Current Market Opinion

From 1990 to 1997, Kevin Haggerty served as Senior Vice President for Equity Trading at Fidelity Capital Markets, Boston, a division of Fidelity Investments. He was responsible for all U.S. institutional Listed, OTC and Option trading in addition to all major Exchange Floor Executions. For a free trial to Kevin’s Daily Trading Report, please click here.

Commentary for 10/17/11

This commentary includes excerpts from my recent Trading Service comments.

The SPX finished the week +6.0% to 1224.58, and is now +14% in 9 TD [includes 8/9] from the 1074.77 low on 10/4/11, which is an unsustainable vertical move, and the correction angle that follows to the downside is most often similar to the one up, but not necessarily price. The weekly average volume last week of 917mm shs is the lowest since the 849mm shs the week ending 7/22/11 when the SPX made the 1347 high on 7/20/11, which preceded the -18.2% decline to the 1101.54 8/9/11 low.
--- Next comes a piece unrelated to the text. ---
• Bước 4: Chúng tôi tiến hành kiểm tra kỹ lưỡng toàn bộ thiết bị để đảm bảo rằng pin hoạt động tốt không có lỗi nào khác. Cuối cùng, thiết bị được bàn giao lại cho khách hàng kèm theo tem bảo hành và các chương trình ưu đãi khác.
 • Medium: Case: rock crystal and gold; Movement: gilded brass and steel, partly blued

There have been 46 TD in the trading range starting from the 1101.54 low to the 1230.71 high, 1074.77 low, and now the 1224.58 close Fri. There have been 7 percentage swings within that 46 day range of +9.6, -7.2, +9.8, -7.7, +7.4, -11.9, and +14 from 1074.77 to the Fri 1224.58 close. That is a total travel range volatility of about 67%, which is obviously not a rational market. The SPX resistance is clearly defined on the H&S chart at the 1235 200DEMA, and then the neckline in the 1260 zone with the 200SMA. The 5 RSI is 78.15 and the odds obviously favor a correction, especially into the next couple of weeks.

The SPX is -2.6% YTD and Nov starts the strong seasonal period, which according to the trivia [J. Minton] is obviously significant as it is a pre-election year, and the last time it suffered a yearly pre-election loss was 1931 preceding the all-time SPX bear market low at 4.40 Since then, the DOW 30 plus dividends has averaged a return of almost 18% in the pre-election year.
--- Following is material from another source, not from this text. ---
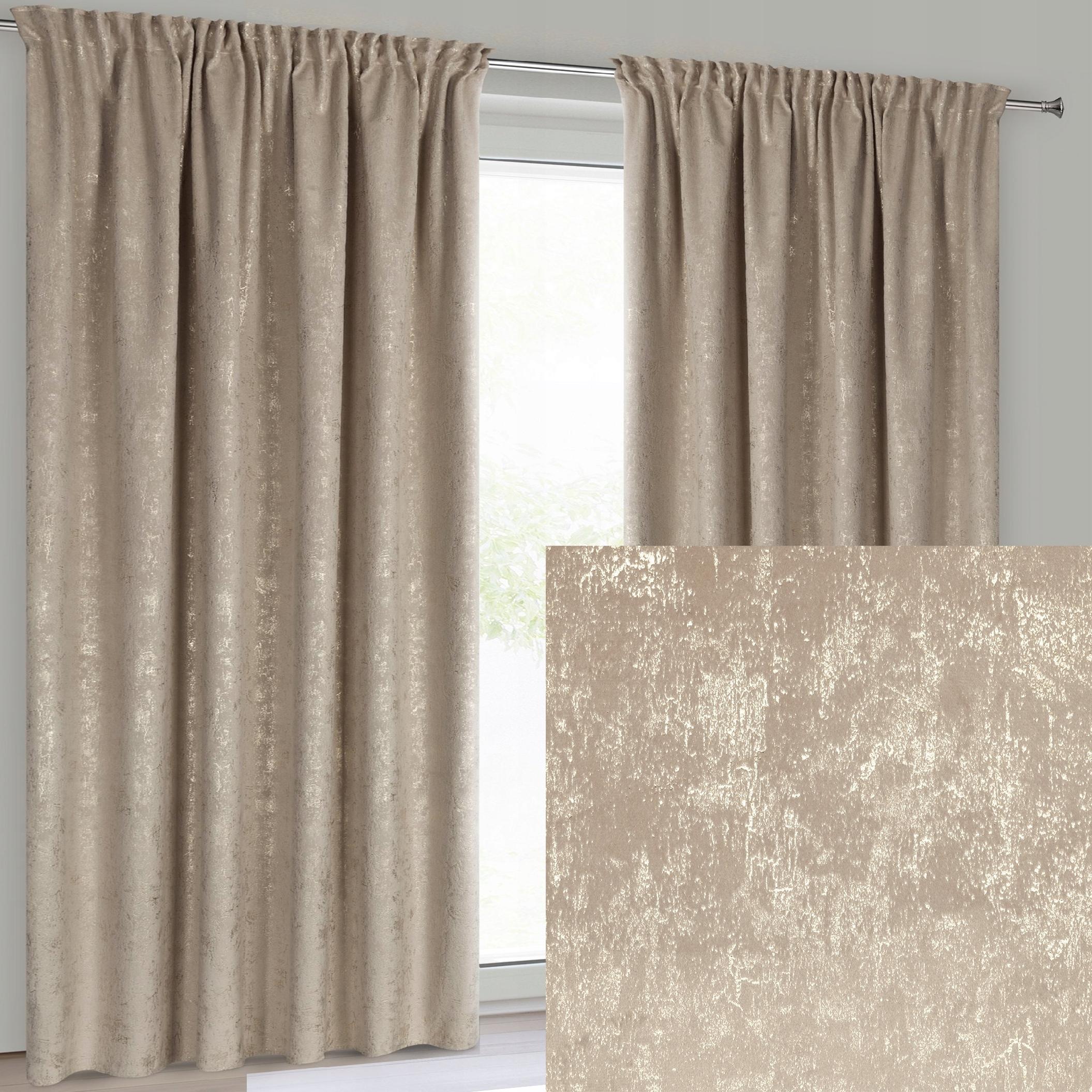Nowoczesna Zasłona welwetowa 140X270 beżowa z delikatnym nadrukiem

I think the most bullish technical scenario would be for the SPX to pull back and form the balance of the Inverse H&S pattern, and then rally into the Nov-April seasonally positive period, but it is not based on anything fundamentally or economically positive that is obvious now, but the pre-election year track record certainly increases the odds. Also, an inverse H&S B/O right into the neckline of a previous H&S breakdown with not much range in between could end up with a grinding sideways market for a period of time.
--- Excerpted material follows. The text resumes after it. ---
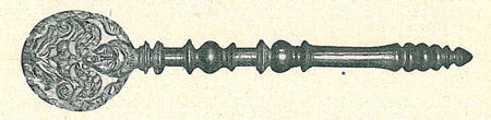 U nás v některých obcích měli „právo" v podobě ruky, jež svírala v pěsti jakousi zbraň, snad dýku, buď z mosazi nebo železa a připevněna byla na krátkou tyč asi 30 cm dlouhou (obr. 3, předvádějící právo, jež pochází z Čech).
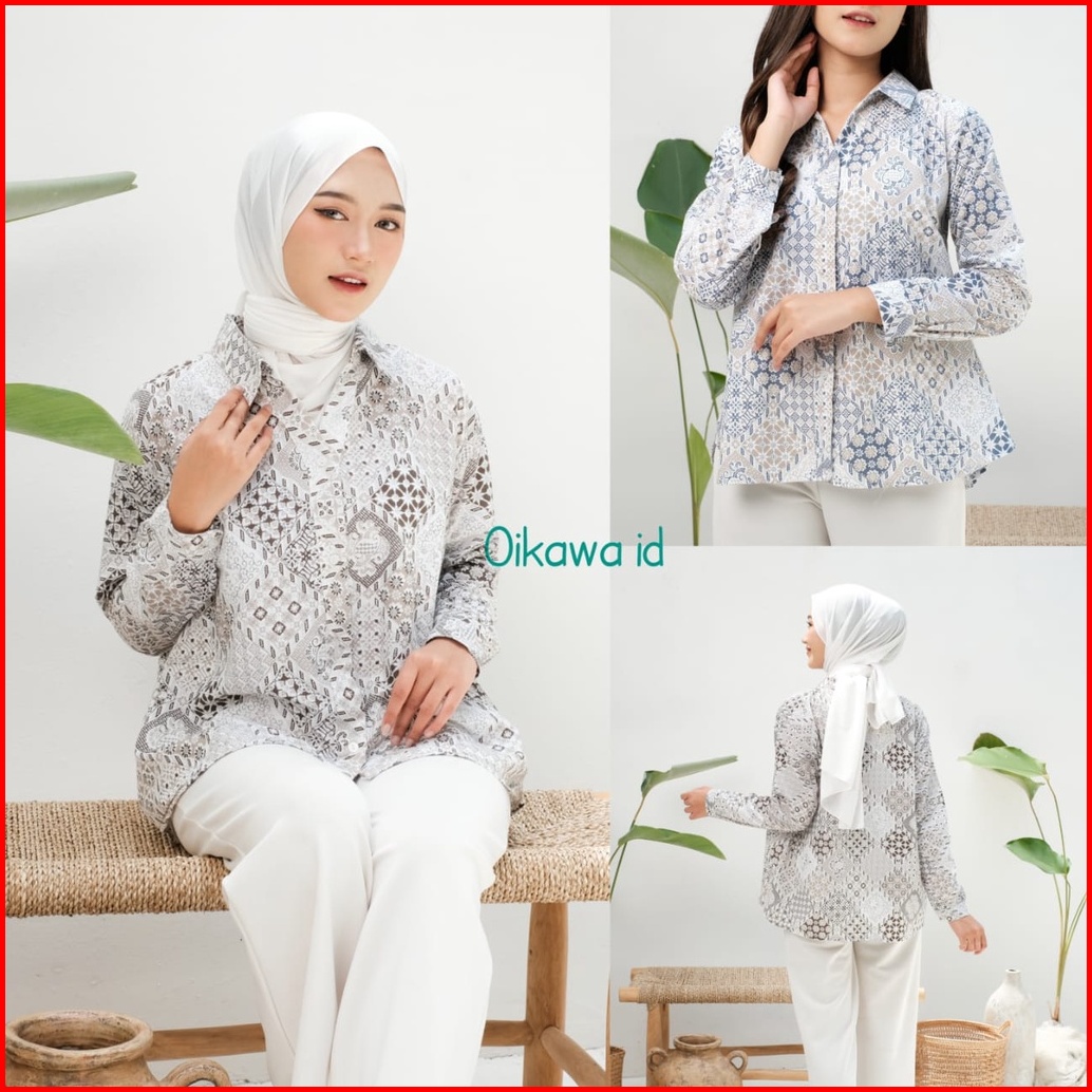 Kemeja Batik Blouse Kantor Batik Soft Wanita

The next correction following this rally won`t be another 1931, but if it is a reasonable decline into the end of Oct it would set the market up for a strong rally, at least into year end. The “buy them Nov 1st and sell them in May” crowd is probably very anxious to play, because they sure as hell avoided an ugly market by “selling in May and going away”.

The market is either up or down each day according to the media depending on the Euro debt news, which means they can print sensational headlines etc each day to sell papers and TV time, and this has been the case for almost 20 months now since the media picked up on the Euro Zone problems. It gives them cover to duck the reality that the US has been and is already in a second dip recession, but when it is confirmed by the Govt agency it is usually over [Don`t hold your breath]

A headline last week in one of the Democratic leaning media sources stated that “ No US Recession as economic forecasts improve”, and then there was another report that stated the percentage of decline in Household Income has doubled since Obama`s self proclaimed recovery started compared to the recession of 2007-2009 [Say What!] I bet on the reality not the forecasts, which have been so not correct by almost all of the academic economists that surround Obama.

The market is a Casino, and the “game” was mostly about the gap openings last week on 4 of 5 trading days. It gapped up on Mon, opened in-line Tues following the +13 point markup in the last 30 min on Mon, gapped up Wed, gapped down Thur and had a significant gap up on Fri. The trends after the gap opening periods were mostly sideways so the Euro zone has wagged the dog. It has been either “risk on” or “risk off” for the last two weeks as the SPX has advanced +14% low to high during this rally from the 1074.77 low last week. I don`t expect that scenario to change anytime soon.

Sell the resistance zone outlined on the SPX chart included in this commentary, and if there is a significant correction into the end of Oct the odds favor the pre-election year and seasonal rally.